Department of Neuroimage, Scientific Institute IRCCS "Eugenio Medea", Bosisio Parini, Italy.
Department of Information Engineering at the University of Padova, Italy.
Magn Reson Med. 2017 Nov;78(5):1801-1811. doi: 10.1002/mrm.26582. Epub 2017 Jan 9.
To present the stable spline (SS) deconvolution method for the quantification of the cerebral blood flow (CBF) from dynamic susceptibility contrast MRI.
The SS method was compared with both the block-circulant singular value decomposition (oSVD) and nonlinear stochastic regularization (NSR) methods. oSVD is one of the most popular deconvolution methods in dynamic susceptibility contrast MRI (DSC-MRI). NSR is an alternative approach that we proposed previously. The three methods were compared using simulated data and two clinical data sets.

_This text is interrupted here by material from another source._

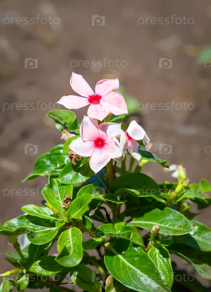 Катарантус розовый в саду. Цветочный фон

The SS method correctly reconstructed the dispersed residue function and its peak in presence of dispersion, regardless of the delay. In absence of dispersion, SS performs similarly to oSVD and does not correctly reconstruct the residue function and its peak. SS and NSR better differentiate healthy and pathologic CBF values compared with oSVD in all simulated conditions. Using acquired data, SS and NSR provide more clinically plausible and physiological estimates of the residue function and CBF maps compared with oSVD.

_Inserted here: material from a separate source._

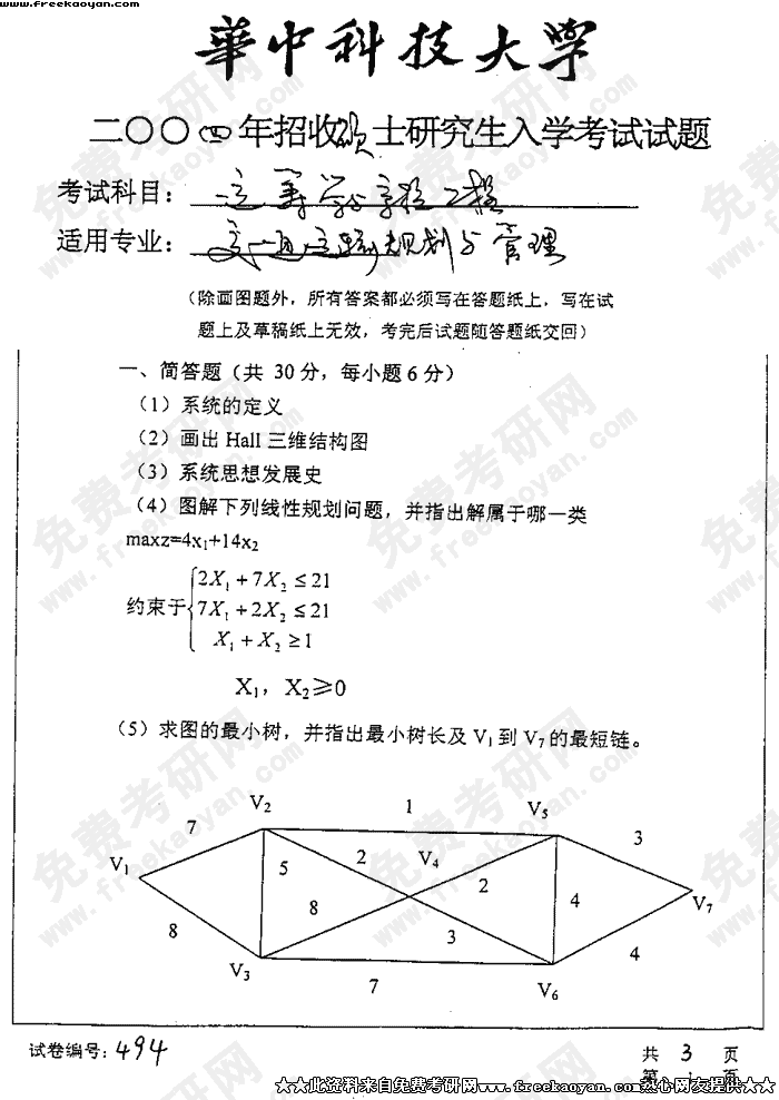 华中科技大学2004年考研真题-专业基础综合题(物理电子学)

The SS method overcomes some of the limitations of oSVD, such as unphysiological estimates of the residue function and NSR, the latter of which is too computationally expensive to be applied to large data sets. Thus, the SS method is a valuable alternative for CBF quantification using DSC-MRI data. Magn Reson Med 78:1801-1811, 2017. © 2017 International Society for Magnetic Resonance in Medicine.
介绍稳定样条(SS)去卷积方法,用于从动态对比磁共振成像(DSC-MRI)量化脑血流(CBF)。
将 SS 方法与块循环奇异值分解(oSVD)和非线性随机正则化(NSR)方法进行比较。oSVD 是 DSC-MRI 中最流行的去卷积方法之一。NSR 是我们之前提出的一种替代方法。使用模拟数据和两个临床数据集比较了这三种方法。
SS 方法正确重建了弥散残差函数及其在存在弥散的情况下的峰值,而与延迟无关。在不存在弥散的情况下,SS 与 oSVD 表现相似,无法正确重建残差函数及其峰值。在所有模拟条件下,SS 和 NSR 比 oSVD 更好地区分健康和病理 CBF 值。使用采集的数据,SS 和 NSR 比 oSVD 提供了更符合临床实际和生理的残差函数和 CBF 图估计。
SS 方法克服了 oSVD 的一些局限性,例如残差函数的非生理估计,而 NSR 后者计算成本太高,无法应用于大型数据集。因此,SS 方法是 DSC-MRI 数据 CBF 量化的一种有价值的替代方法。磁共振医学 78:1801-1811,2017。©2017 年国际磁共振学会。